Protein-coding gene in the species Homo sapiens

DNA polymerase eta (Pol η), is a protein that in humans is encoded by the POLH gene.

DNA polymerase eta is a eukaryotic DNA polymerase involved in the DNA repair by translesion synthesis. The gene encoding DNA polymerase eta is POLH, also known as XPV, because loss of this gene results in the disease xeroderma pigmentosum. Polymerase eta is particularly important for allowing accurate translesion synthesis of DNA damage resulting from ultraviolet radiation or UV.

== Function ==

This gene encodes a member of the Y family of specialized DNA polymerases. It copies undamaged DNA with a lower fidelity than other DNA-directed polymerases. However, it accurately replicates UV-damaged DNA; when thymine dimers are present, this polymerase inserts the complementary nucleotides in the newly synthesized DNA, thereby bypassing the lesion and suppressing the mutagenic effect of UV-induced DNA damage.

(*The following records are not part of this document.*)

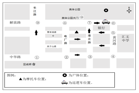 93.某日晚9時許,奧體公園(注 奧體公園只有一個大門進出)發(fā)生一起搶劫殺人案 家住菜市場路1號(圖中※標識的位置)的許女士及其丈夫在奧體公園散步時,遭遇到一個持槍搶劫犯的襲擊,許女士被槍擊身亡(圖中黑圈O標識的尸體位置),其丈夫重傷,他們被搶手機兩部,金項鏈、金耳環(huán)各一條,挎包一個。公安機關(guān)立即展開偵査,應(yīng)査看監(jiān)控錄像的先后順序是(圖片中的順序號即為視頻監(jiān)控)( )(單選)
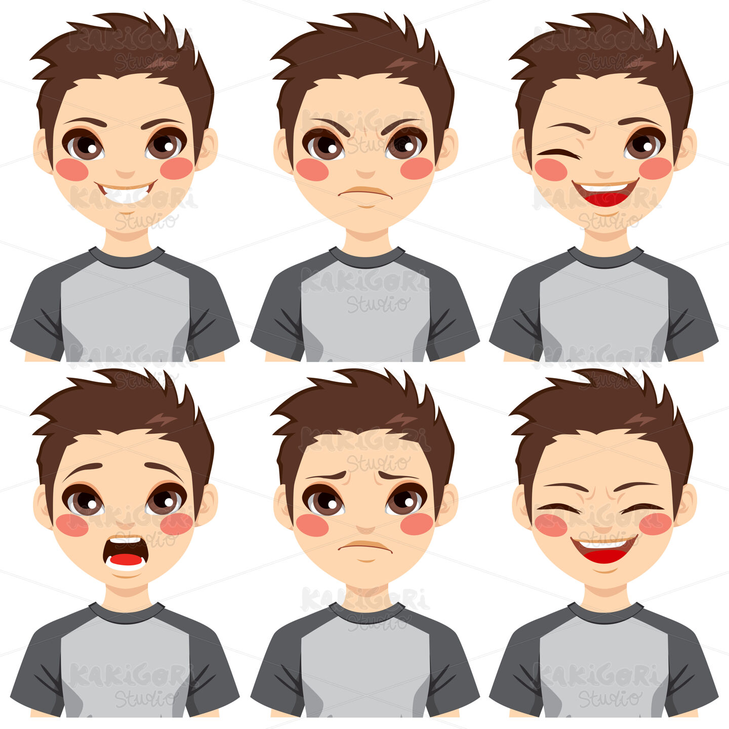 / Teenage Boy Face Expressions Clipart Vector Illustration 02384
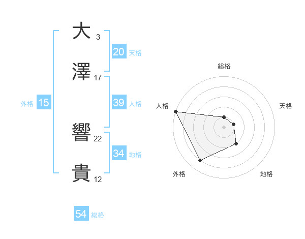 大澤 響貴さんを姓名の画数から五運を鑑定
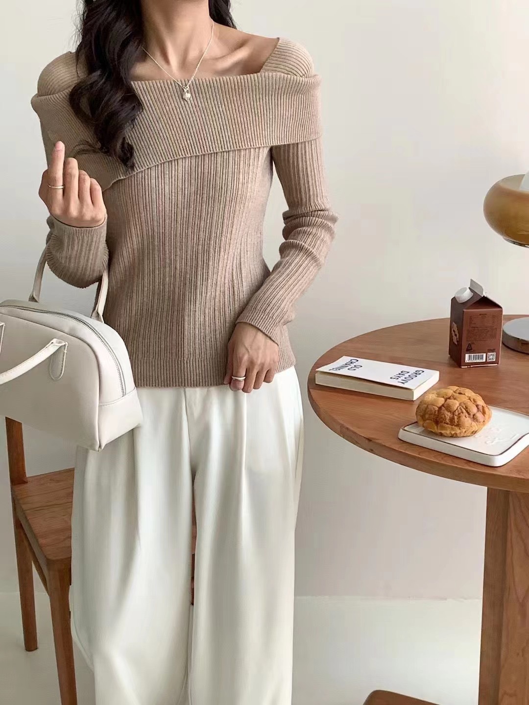 Корейский нежный стиль с буквами на плечах свитер топ женский 2024 осень и зима дизайн тонкий свитер прилив 273
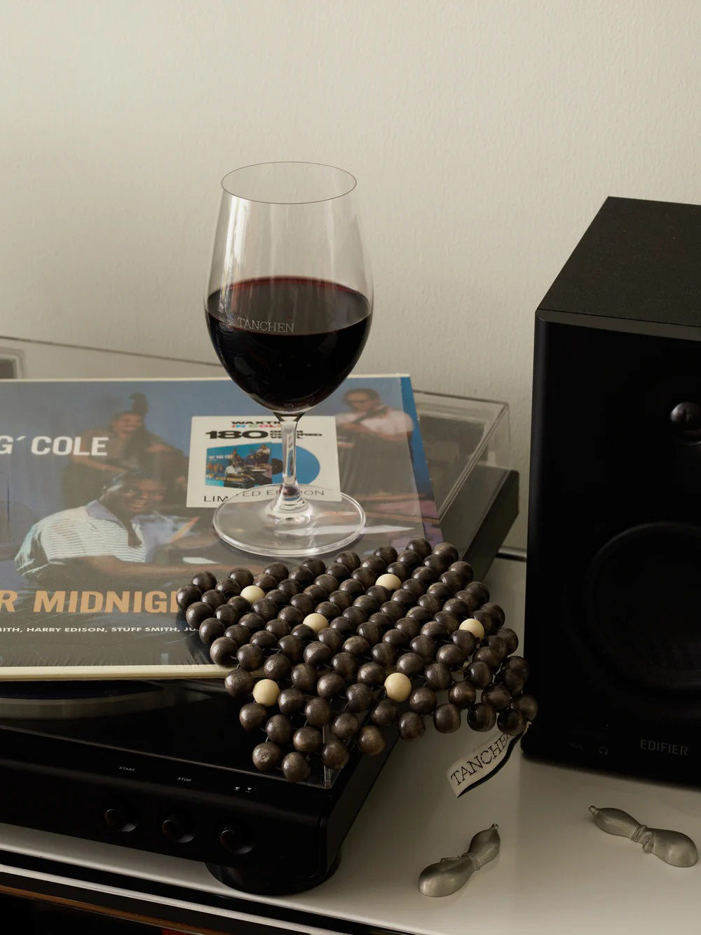 The Yin/Yang series is made from beads resembling Chinese medicinal grains and fruit and is also inspired by the beaded seat covers seen in many Southeast Asian taxicabs. Wooden beads are woven with nylon elastic yarn resulting in a tactile, sensorial and practical piece. Perfect for resting hot mugs or bowls on.
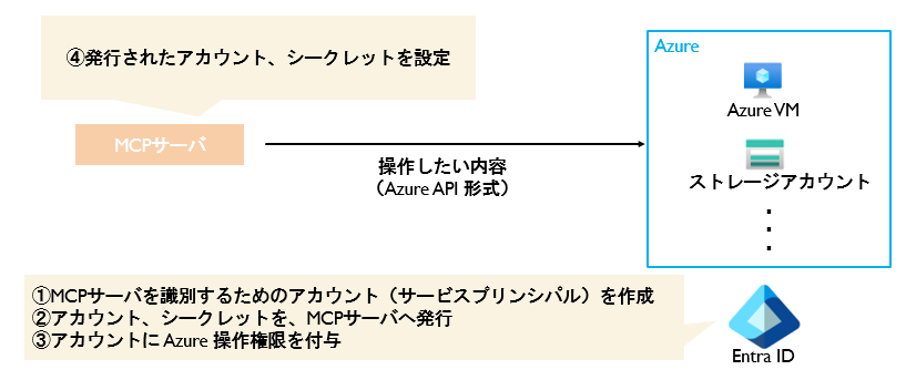 ・Azure MCP サーバにAzure を操作するための権限を付与する必要がある
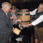 Auch Prinz Luitpold zog Parallelen zwischen Bayern und Sauerländern als fleißigen Bergvölkern. Dass seine Vorfahren über Generationen ihren zweitgeborenen Sohn als Fürstbischof nach Köln geschickt haben, war ihm natürlich bekannt. Letztlich habe das ja zum Aussterben der Münchener Linie geführt, scherzte er. Zudem erinnerte er daran, das die Wittelsbacher nicht nur 800 Jahre Bayern regiert haben, sondern auch 750 Jahre Bier gebraut haben. Dem wurde dann auch gleich die ganze Aufmerksamkeit geschenkt. Klaus Humpe pries noch das Hell, Dunkel und Weizen aus der königlichen Brauerei an, da hatte Bürgermeister Hans-Josef Vogel auch schon das Freibier-Faß angestochen – mit minimalen Spritzern.
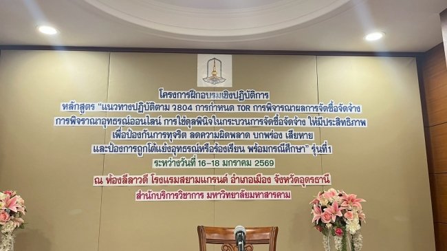 หลักสูตร: แนวทางปฏิบัติตาม ว๘๐๔ การกำหนด TOR การพิจารณาผลการจัดซื้อจัดจ้าง รุ่นที่1 จ.อุดรธานี 16-18 ม.ค.69

This polymerase is thought to be involved in hypermutation during immunoglobulin class switch recombination.
===Bypass of 8-oxoguanine===

During DNA replication of the Saccharomyces cerevisiae chromosome, the oxidative DNA damage 8-oxoguanine triggers a switch to translesion synthesis by DNA polymerase eta. This polymerase replicates 8-oxoguanine with an accuracy (insertion of a cytosine opposite the 8-oxoguanine) of approximately 94%. Replication of 8-oxoguanine in the absence of DNA polymerase eta is less than 40%.

== Clinical significance ==

Mutations in this gene result in XPV, a variant type of xeroderma pigmentosum, characterized by sun sensitivity, elevated incidence of skin cancer, and at the cellular level, by delayed replication and hypermutability after UV-irradiation

== Interactions ==

POLH has been shown to interact with PCNA.